Gestão pública eficaz pode ser uma alternativa viável e mais sustentável do que a reestatização de serviços
Um serviço público é uma atividade prestada ou coordenada pelo Estado com o objetivo de atender às necessidades básicas da sociedade, como saúde, educação, segurança e transporte. O principal objetivo de um serviço público é garantir o bem-estar coletivo e assegurar direitos fundamentais, independentemente da condição financeira dos usuários.
Um serviço privado é oferecido por empresas que têm a liberdade de decidir a quem e como vender seus produtos ou serviços, baseados em contratos individuais entre as partes. Os serviços públicos, entretanto, são regulados por normas que visam a garantir o interesse social, obedecendo a parâmetros, tais como:
- Universalidade – atende a todos, sem discriminação e com tarifa módica ou zero
- Continuidade e qualidade – serviço prestado de forma estável e com excelência
- Eficiência e transparência – uso dos recursos públicos visando ao benefício maior que o custo, submetido ao controle social, com dados públicos e auditáveis.
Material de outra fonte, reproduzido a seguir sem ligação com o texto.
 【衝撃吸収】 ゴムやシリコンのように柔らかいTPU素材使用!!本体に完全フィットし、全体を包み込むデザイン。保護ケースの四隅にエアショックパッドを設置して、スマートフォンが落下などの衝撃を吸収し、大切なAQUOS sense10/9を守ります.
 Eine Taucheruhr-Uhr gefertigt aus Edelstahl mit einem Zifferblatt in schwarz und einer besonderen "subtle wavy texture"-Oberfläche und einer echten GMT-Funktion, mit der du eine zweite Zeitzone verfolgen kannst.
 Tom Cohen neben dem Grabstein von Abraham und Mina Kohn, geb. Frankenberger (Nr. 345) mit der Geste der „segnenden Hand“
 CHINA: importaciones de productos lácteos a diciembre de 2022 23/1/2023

A prestação de serviços públicos pode ser de três maneiras: gerido e executado pelo poder público; gerido pelo poder público, executado pela iniciativa privada; e gerido e executado pela iniciativa privada
Este último modo, defendido como solução para a ineficiência estatal, apresenta alguns problemas, como:
- – aumento periódico de tarifas, para maximizar ganhos, com exclusão dos usuários mais pobres;
- – redução de investimentos e queda da qualidade dos serviços, para, com a mesma receita, maximizar o lucro; desigualdade de acesso, priorizando áreas mais rentáveis, deixando as demais sem atendimento adequado;
- – transparência zero, dificultando a participação da sociedade no controle dos serviços;
- – desalinhamento com o interesse público, especialmente em atender metas sociais ou ambientais, como a sustentabilidade.
Esse problema, não ocorre apenas no Brasil. Na Europa e nos Estados Unidos, tem-se vários exemplos de privatizações malsucedidas. Entre elas:
Água em Paris (França) – A privatização do serviço de abastecimento de água na capital francesa levou a aumentos significativos nas tarifas e à insatisfação popular. Em 2010, o município reestatizou o serviço, reduzindo os preços e aumentando a transparência.
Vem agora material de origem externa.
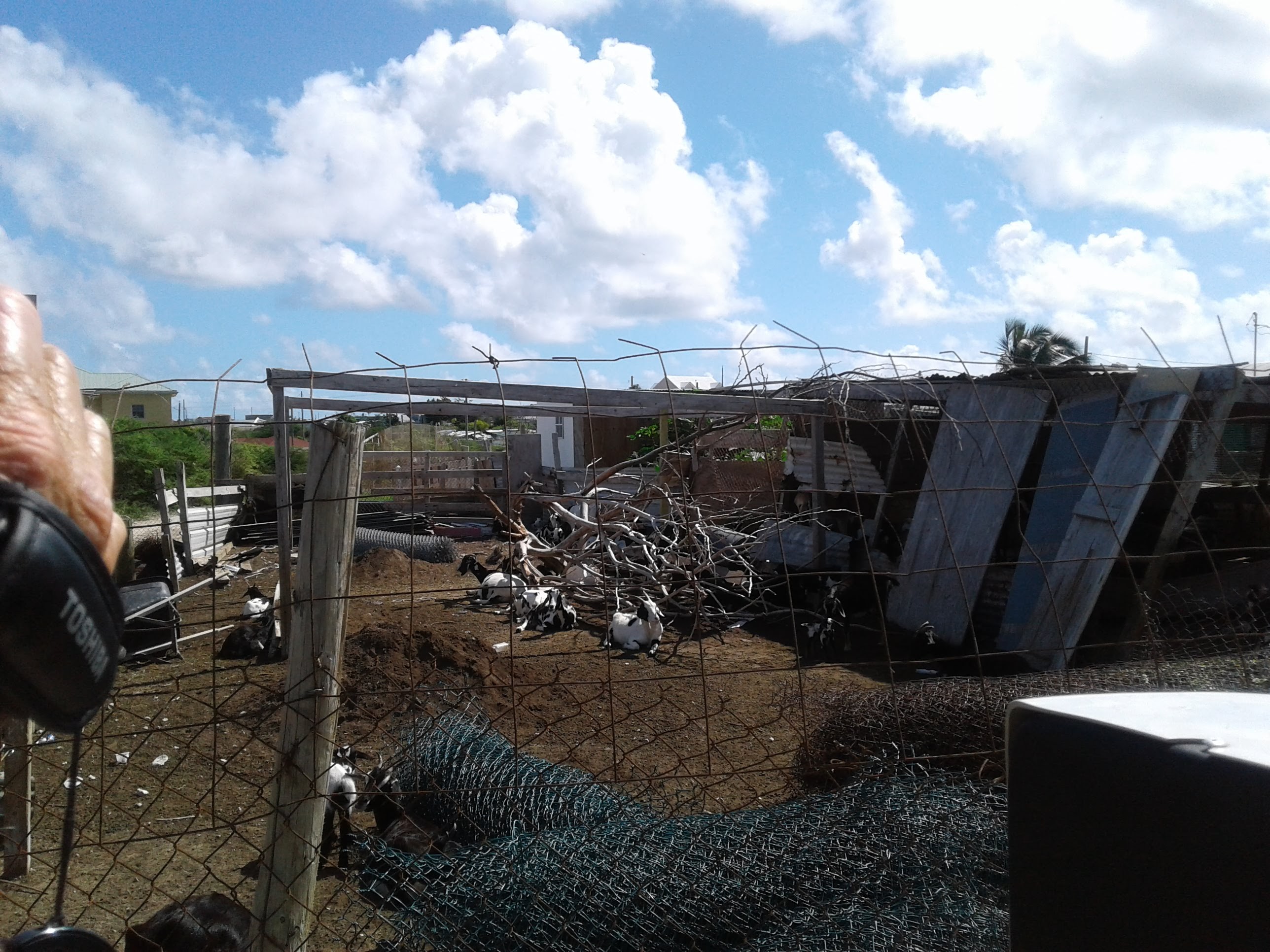 We drove through a neighborhood.  We were told that one of the families here at bought a male and female goat, and now there are goats all over the place.   Some of them were in a fenced yard, there was a brand new baby goat there.  The mama was still cleaning him off. Some were in the road.  And past that there were beautiful views of the ocean.  Tracy slowed the tram so we could get pictures.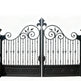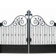 A gate that sings in symmetry. Fleurgrid Sonata features dual swing panels crowned by a curved top rail with a central fleur-de-lis ornament. Vertical bars are punctuated by diamond-shaped embellishments, while the lower panels showcase embossed floral patterns. Leaf motifs and scrollwork dance across the surface, framed by solid pillars that anchor the design in timeless strength. This gate evokes elegance, heritage, and refined craftsmanship.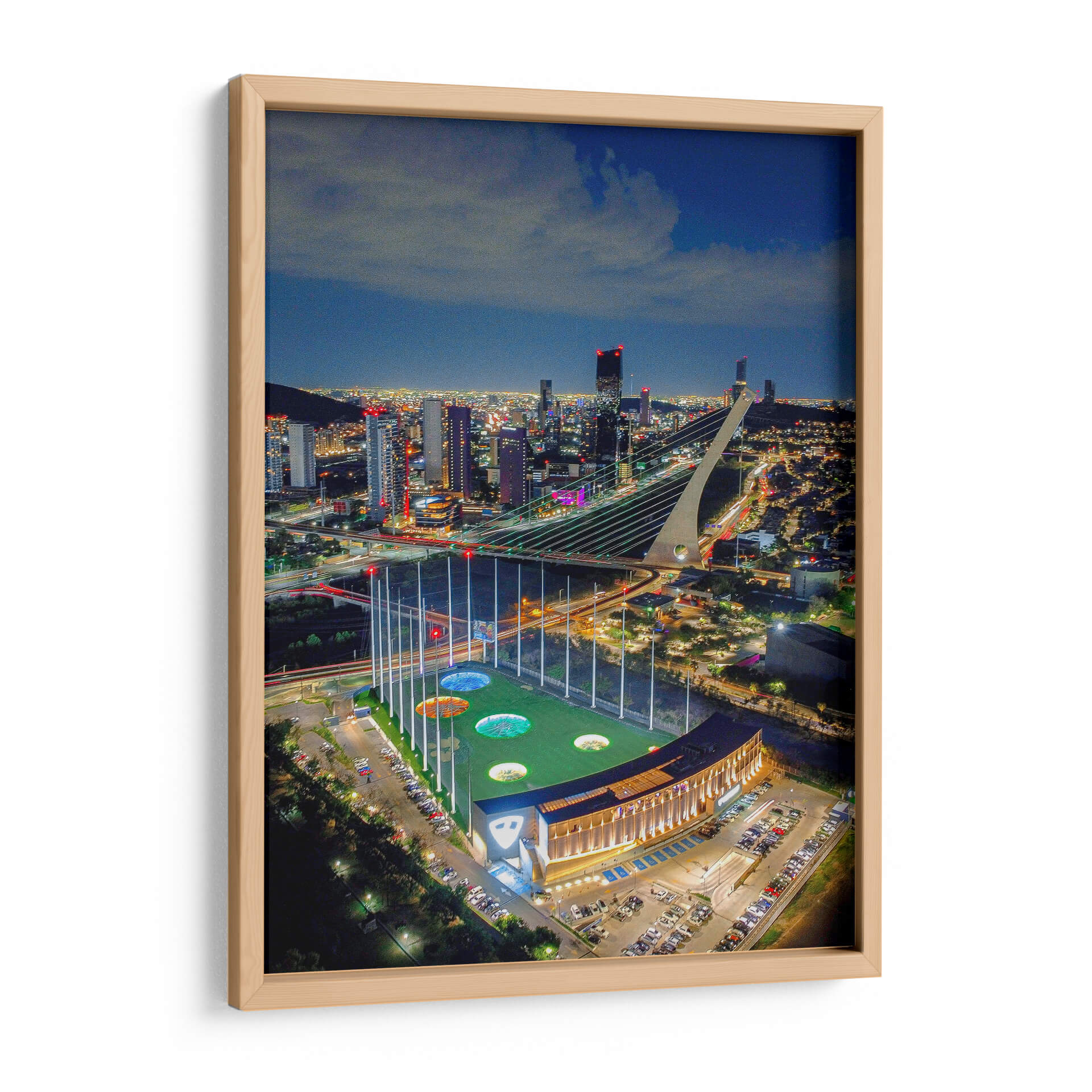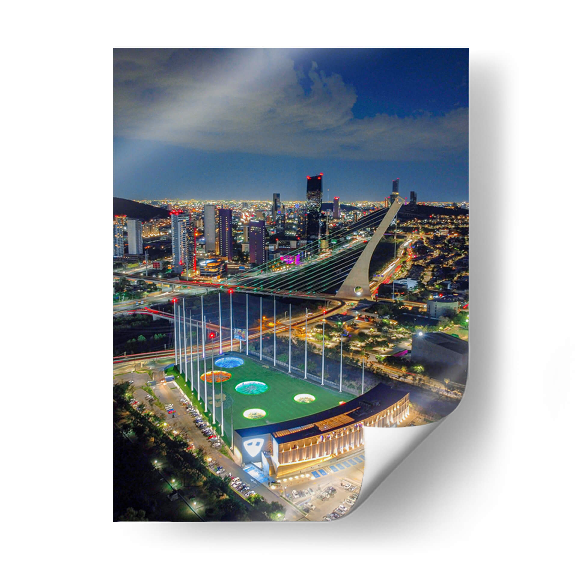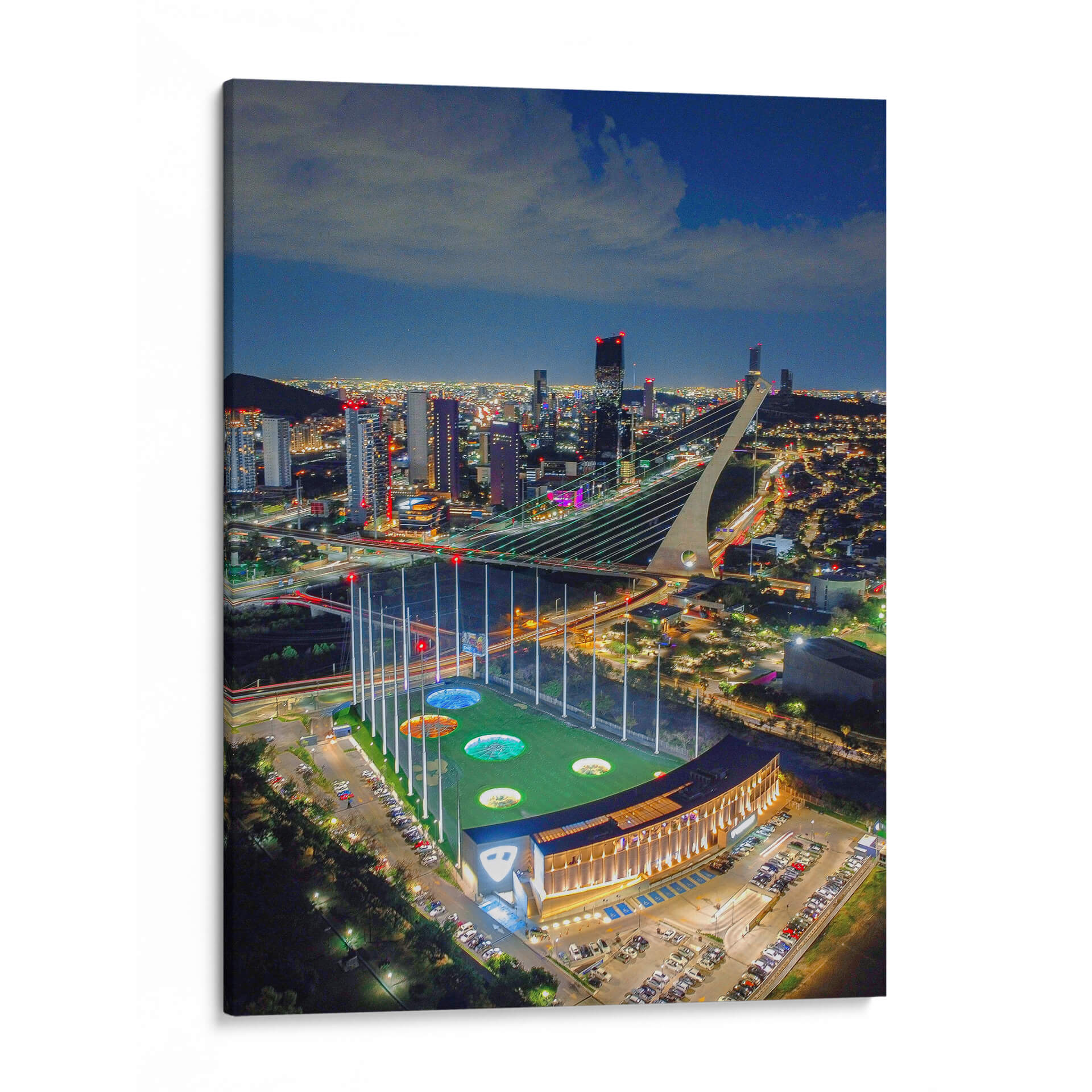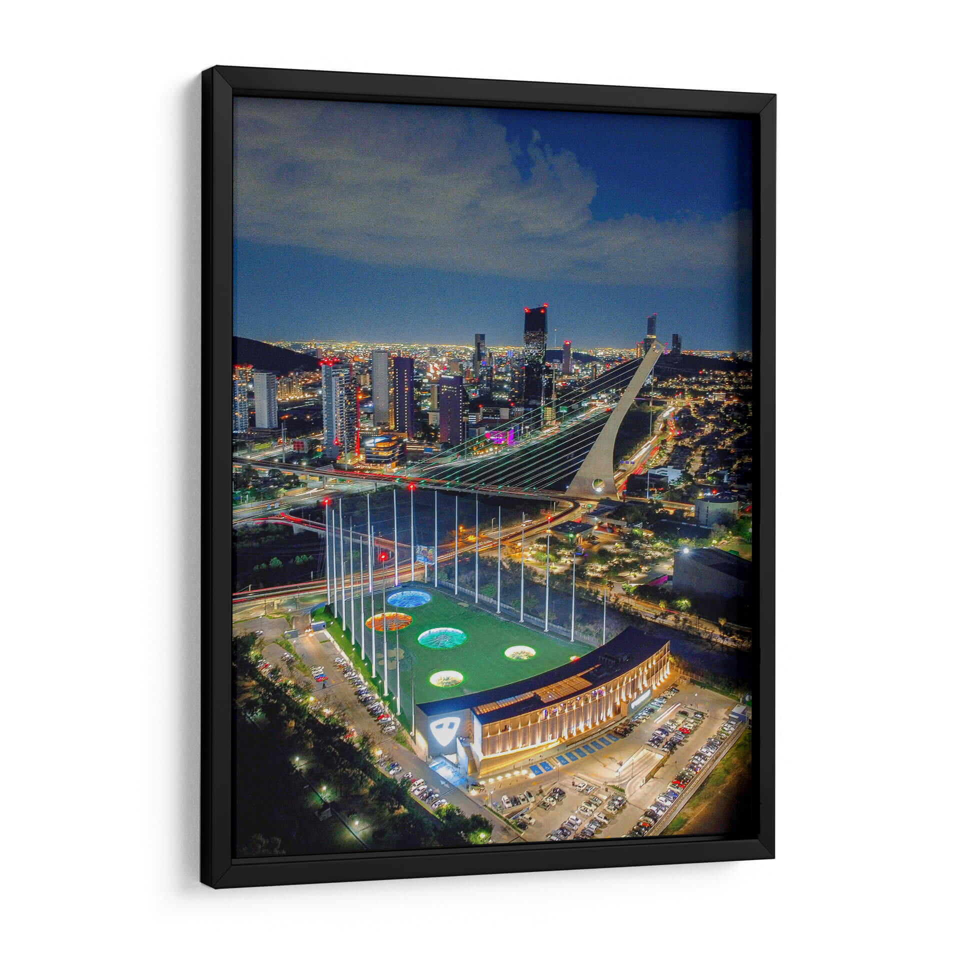 Captura la vibrante energía de la noche urbana con "Top Golf Mty", una obra de arte que inmortaliza la majestuosidad de un campo de golf iluminado bajo el cielo estrellado y el resplandor de una ciudad moderna. Esta pieza, un testimonio visual del talento de Abner Fabian, te transporta a un momento de conexión entre el deporte y la urbe. La composición aérea ofrece una perspectiva única, destacando las luces cálidas del edificio del club y el campo de juego, contrastando con las luces más frías y distantes de los rascacielos que delinean el horizonte. El uso audaz de la luz y la sombra crea una atmósfera dinámica, llena de vida y movimiento, perfecta para infundir a cualquier espacio una sensación de sofisticación y entretenimiento. Ideal para salas de estar, oficinas o cualquier ambiente que busque un punto focal cautivador y moderno. Este cuadro decorativo es más que una imagen; es una invitación a experimentar la fusión entre la arquitectura imponente, el paisaje nocturno y la emoción del juego.

Energia em Hamburgo (Alemanha) – Após anos de privatização, Hamburgo optou por reestatizar sua rede elétrica em 2013, para alinhar o serviço com seus objetivos de sustentabilidade e energia renovável.
Água em Atlanta (EUA) – A cidade de Atlanta privatizou o abastecimento de água em 1999, mas a má prestação de serviços e os custos elevados levaram à rescisão do contrato em 2003, com o controle retornando ao setor público.
O que fazer para superar os problemas da privatização no Brasil?
Uma gestão pública eficaz, com operação pública ou privada, mas sob controle social, pode ser uma alternativa viável e mais sustentável do que a reestatização de serviços, sob controle estatal pleno – gestão e operação – que apresenta problemas políticos, fiscais e jurídicos, com baixa governabilidade para superá-los.
Defendi, em artigo anterior, para o sistema metroferroviário do Rio, a gestão pública compartilhada entre União, estado e municípios, por esse modelo permitir maior capilaridade, atendendo a todos os espaços metropolitanos, de forma mais eficiente, como demonstrou o SUS – exemplo de gestão pública compartilhada – durante a pandemia do Covid.
Acredito que este modelo de gestão, sob rígido controle social, é essencial para assegurar o interesse público, com a participação da sociedade civil organizada na fiscalização e auditoria dos serviços.
Enquanto a aprovação da PEC 25/2023, que visa à criação do Sistema Único de Mobilidade (SUM), não ocorre, os consórcios públicos, com dois ou mais entes federativos, podem ser uma solução, de curto e médio prazos, provisória e eficiente, ao garantir transporte público de qualidade e com tarifas acessíveis em todas as regiões do país.
Acredito que essa proposta poderá ser uma alternativa eficaz para superar os problemas trazidos pela privatização de serviços públicos. Enquanto a reestatização pode ser complexa e custosa, especialmente em termos de segurança jurídica, a gestão pública compartilhada – União, Estados e Municípios – associada a mecanismos de controle social e uso de consórcios públicos, surge como uma solução potencialmente viável para garantir a qualidade e a continuidade dos serviços essenciais.
(*) José Augusto Valente é membro da Divisão Técnica de Transporte e Logística do Clube de Engenharia. Foi secretário de Política Nacional de Transportes e presidente do DER-RJ.